# EXERCISE DESCRIPTION
Find the line below with "Zespół Boys bawił na scenie publiczność.". Print it and every line after it exactly, through the last line, leaving out the pictures.

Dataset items
+ + + + + + +
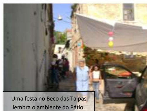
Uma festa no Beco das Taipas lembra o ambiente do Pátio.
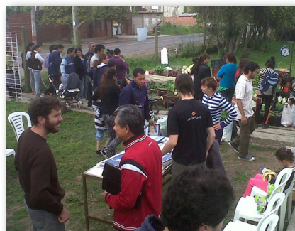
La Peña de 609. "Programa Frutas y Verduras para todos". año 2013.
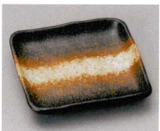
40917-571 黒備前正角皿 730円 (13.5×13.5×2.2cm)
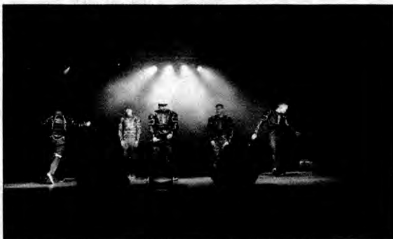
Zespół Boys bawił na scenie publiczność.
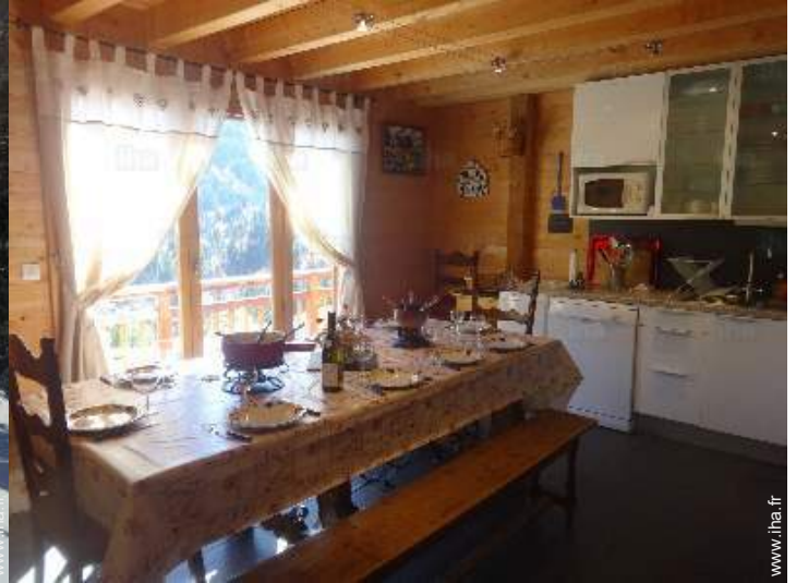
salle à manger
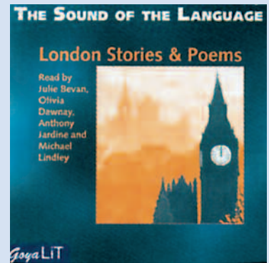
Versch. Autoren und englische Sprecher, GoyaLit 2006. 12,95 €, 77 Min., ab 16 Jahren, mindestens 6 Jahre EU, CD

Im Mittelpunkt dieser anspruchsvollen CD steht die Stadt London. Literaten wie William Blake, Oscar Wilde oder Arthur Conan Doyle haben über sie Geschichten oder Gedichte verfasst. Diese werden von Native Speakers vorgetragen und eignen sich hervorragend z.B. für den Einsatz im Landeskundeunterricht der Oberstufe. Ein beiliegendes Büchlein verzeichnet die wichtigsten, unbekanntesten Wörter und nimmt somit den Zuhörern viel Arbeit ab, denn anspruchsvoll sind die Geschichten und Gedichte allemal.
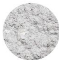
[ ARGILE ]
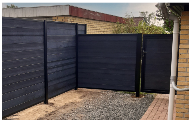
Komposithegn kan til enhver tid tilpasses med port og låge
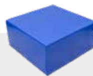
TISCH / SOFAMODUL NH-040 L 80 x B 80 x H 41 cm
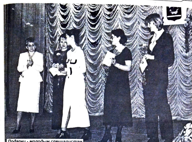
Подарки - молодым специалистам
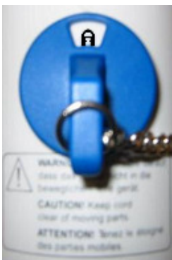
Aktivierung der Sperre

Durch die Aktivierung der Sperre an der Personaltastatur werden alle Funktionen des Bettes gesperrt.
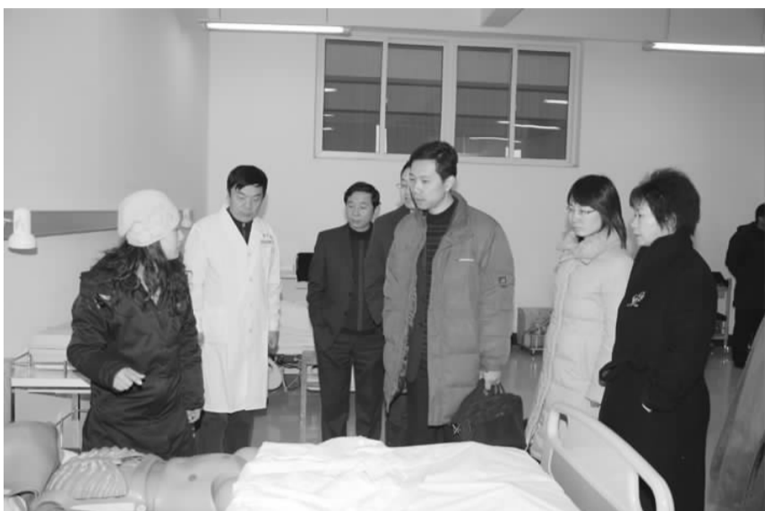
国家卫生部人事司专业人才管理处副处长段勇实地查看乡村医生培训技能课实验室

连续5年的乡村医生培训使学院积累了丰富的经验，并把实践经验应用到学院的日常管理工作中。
+ + + + + + +
# OUTPUT BELOW
Zespół Boys bawił na scenie publiczność.
salle à manger
Versch. Autoren und englische Sprecher, GoyaLit 2006. 12,95 €, 77 Min., ab 16 Jahren, mindestens 6 Jahre EU, CD

Im Mittelpunkt dieser anspruchsvollen CD steht die Stadt London. Literaten wie William Blake, Oscar Wilde oder Arthur Conan Doyle haben über sie Geschichten oder Gedichte verfasst. Diese werden von Native Speakers vorgetragen und eignen sich hervorragend z.B. für den Einsatz im Landeskundeunterricht der Oberstufe. Ein beiliegendes Büchlein verzeichnet die wichtigsten, unbekanntesten Wörter und nimmt somit den Zuhörern viel Arbeit ab, denn anspruchsvoll sind die Geschichten und Gedichte allemal.
[ ARGILE ]
Komposithegn kan til enhver tid tilpasses med port og låge
TISCH / SOFAMODUL NH-040 L 80 x B 80 x H 41 cm
Подарки - молодым специалистам
Aktivierung der Sperre

Durch die Aktivierung der Sperre an der Personaltastatur werden alle Funktionen des Bettes gesperrt.
国家卫生部人事司专业人才管理处副处长段勇实地查看乡村医生培训技能课实验室

连续5年的乡村医生培训使学院积累了丰富的经验，并把实践经验应用到学院的日常管理工作中。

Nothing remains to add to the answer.